TASK GOAL
All pictures are to be omitted while the lines starting at the line with "1. Press the" and ending at the line with "ワンピース ニット ミモレ丈" in the material below are retyped exactly, both ends included.

BEGIN RECORDS FOR THIS EXERCISE

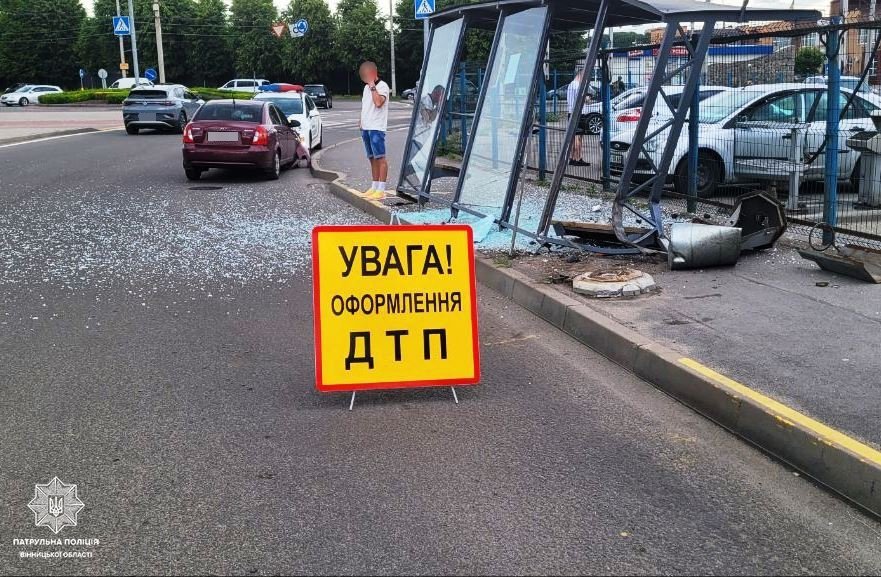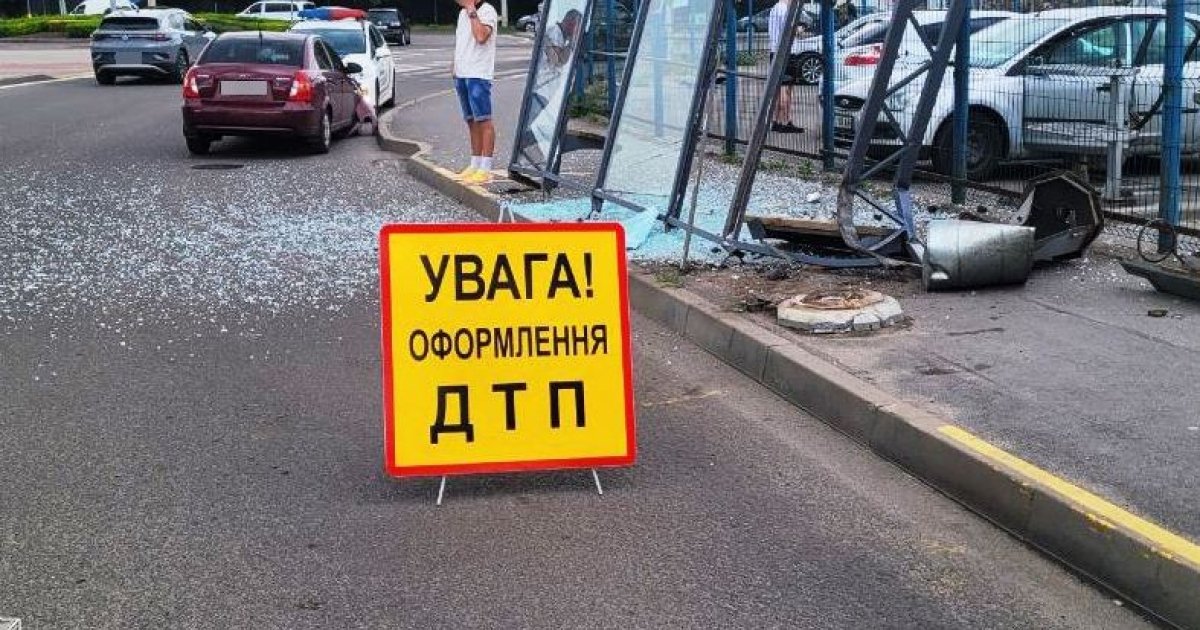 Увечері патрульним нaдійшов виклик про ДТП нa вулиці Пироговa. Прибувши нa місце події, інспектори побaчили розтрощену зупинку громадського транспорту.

END RECORDS FOR THIS EXERCISE
BEGIN RECORDS FOR THIS EXERCISE

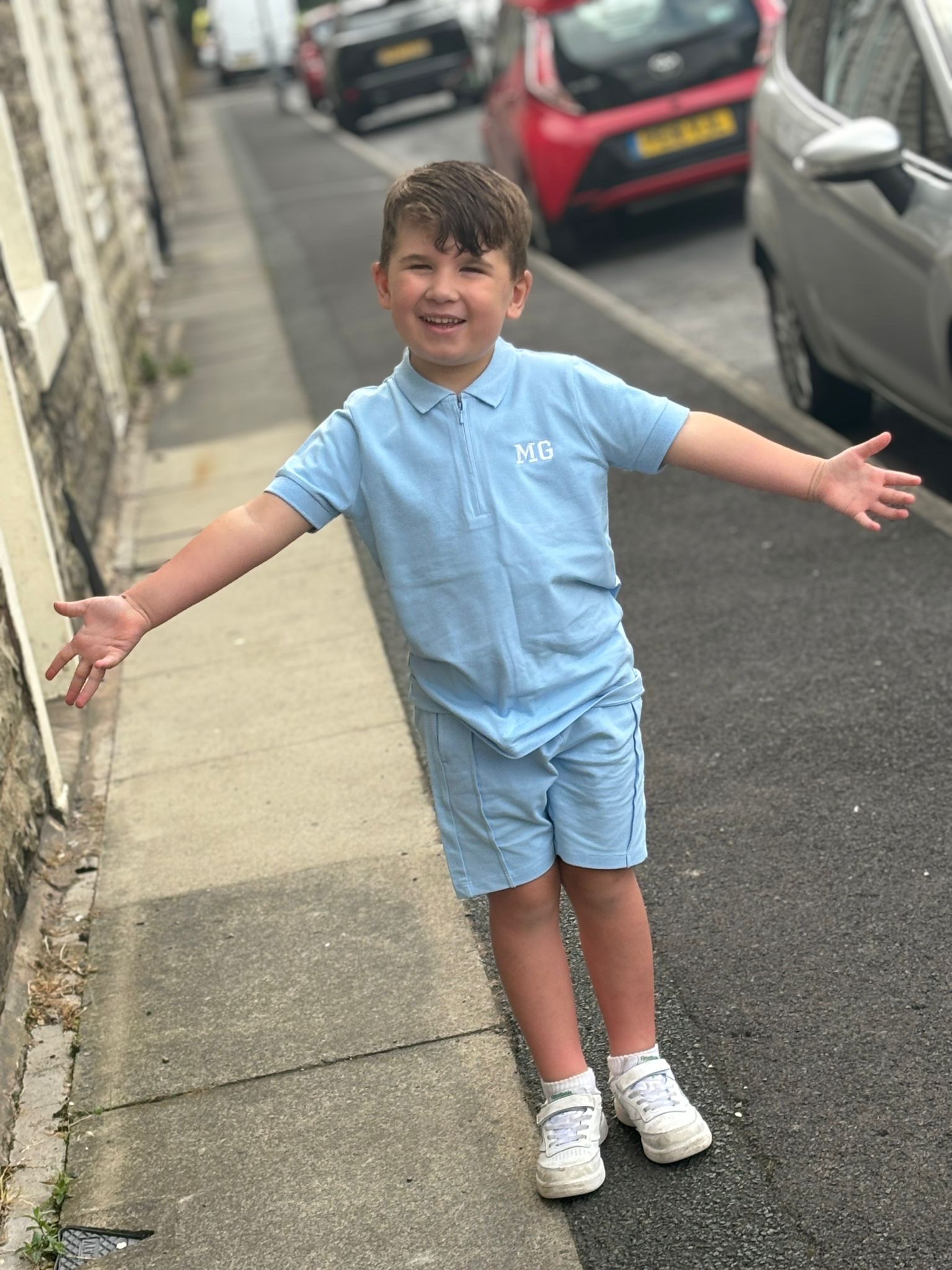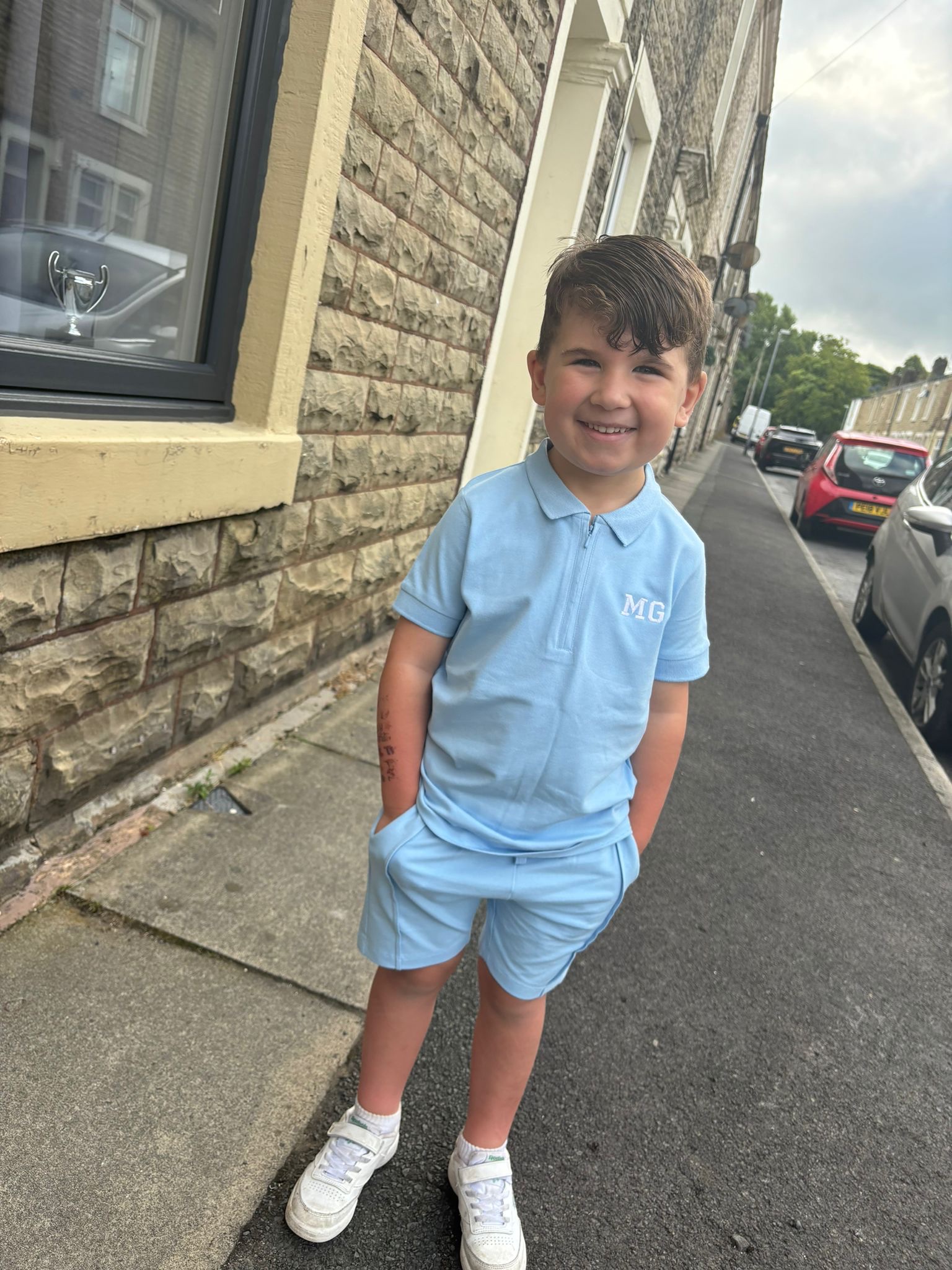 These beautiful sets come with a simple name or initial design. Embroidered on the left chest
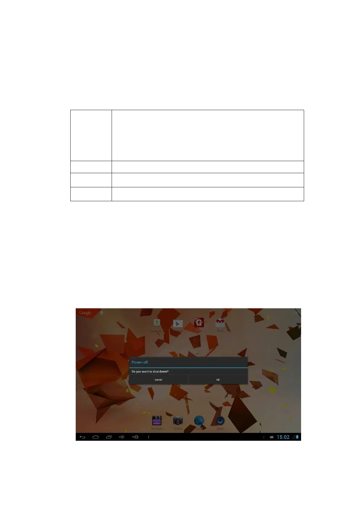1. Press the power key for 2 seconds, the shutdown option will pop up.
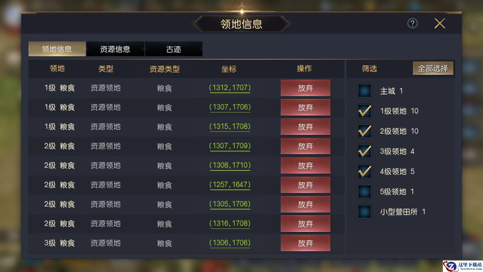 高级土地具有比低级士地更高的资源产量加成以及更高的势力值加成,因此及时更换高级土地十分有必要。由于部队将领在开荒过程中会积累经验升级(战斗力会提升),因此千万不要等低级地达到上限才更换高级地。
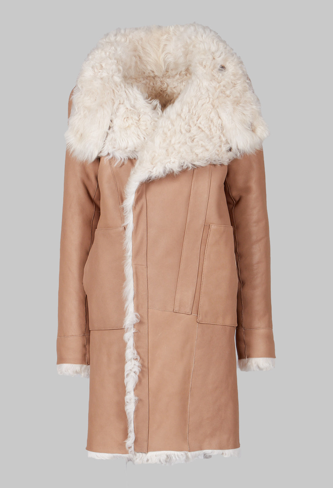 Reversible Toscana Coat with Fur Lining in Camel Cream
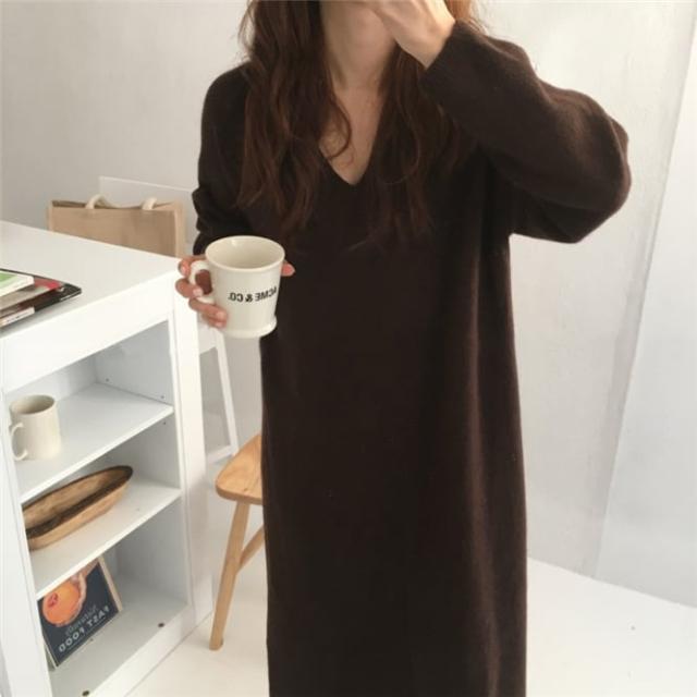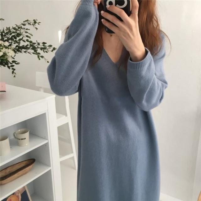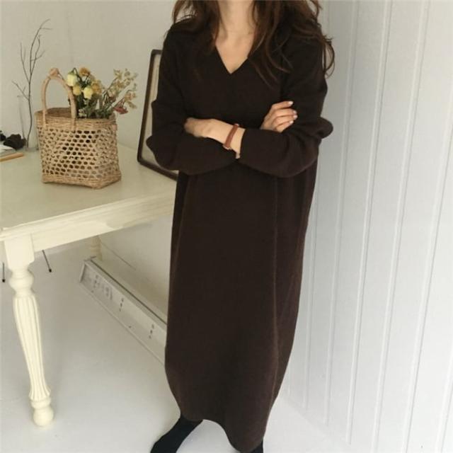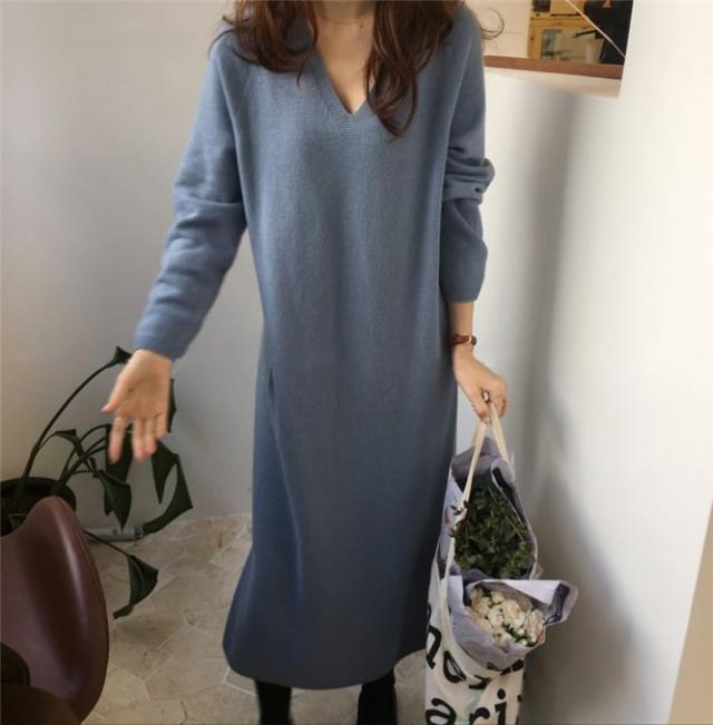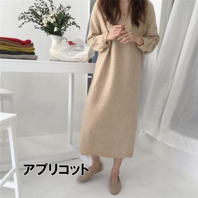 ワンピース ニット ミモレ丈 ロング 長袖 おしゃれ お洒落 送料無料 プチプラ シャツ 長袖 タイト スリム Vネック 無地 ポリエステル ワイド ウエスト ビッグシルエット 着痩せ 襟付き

END RECORDS FOR THIS EXERCISE
BEGIN RECORDS FOR THIS EXERCISE

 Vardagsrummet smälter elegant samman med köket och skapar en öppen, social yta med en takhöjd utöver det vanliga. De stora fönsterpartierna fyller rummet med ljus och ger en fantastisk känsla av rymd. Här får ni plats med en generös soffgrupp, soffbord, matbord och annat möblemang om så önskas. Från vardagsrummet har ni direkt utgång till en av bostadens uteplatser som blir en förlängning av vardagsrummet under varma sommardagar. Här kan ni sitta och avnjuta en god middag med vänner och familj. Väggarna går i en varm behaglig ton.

END RECORDS FOR THIS EXERCISE

RESPONSE TO THE TASK
1. Press the power key for 2 seconds, the shutdown option will pop up.
 高级土地具有比低级士地更高的资源产量加成以及更高的势力值加成,因此及时更换高级土地十分有必要。由于部队将领在开荒过程中会积累经验升级(战斗力会提升),因此千万不要等低级地达到上限才更换高级地。
 Reversible Toscana Coat with Fur Lining in Camel Cream
 ワンピース ニット ミモレ丈 ロング 長袖 おしゃれ お洒落 送料無料 プチプラ シャツ 長袖 タイト スリム Vネック 無地 ポリエステル ワイド ウエスト ビッグシルエット 着痩せ 襟付き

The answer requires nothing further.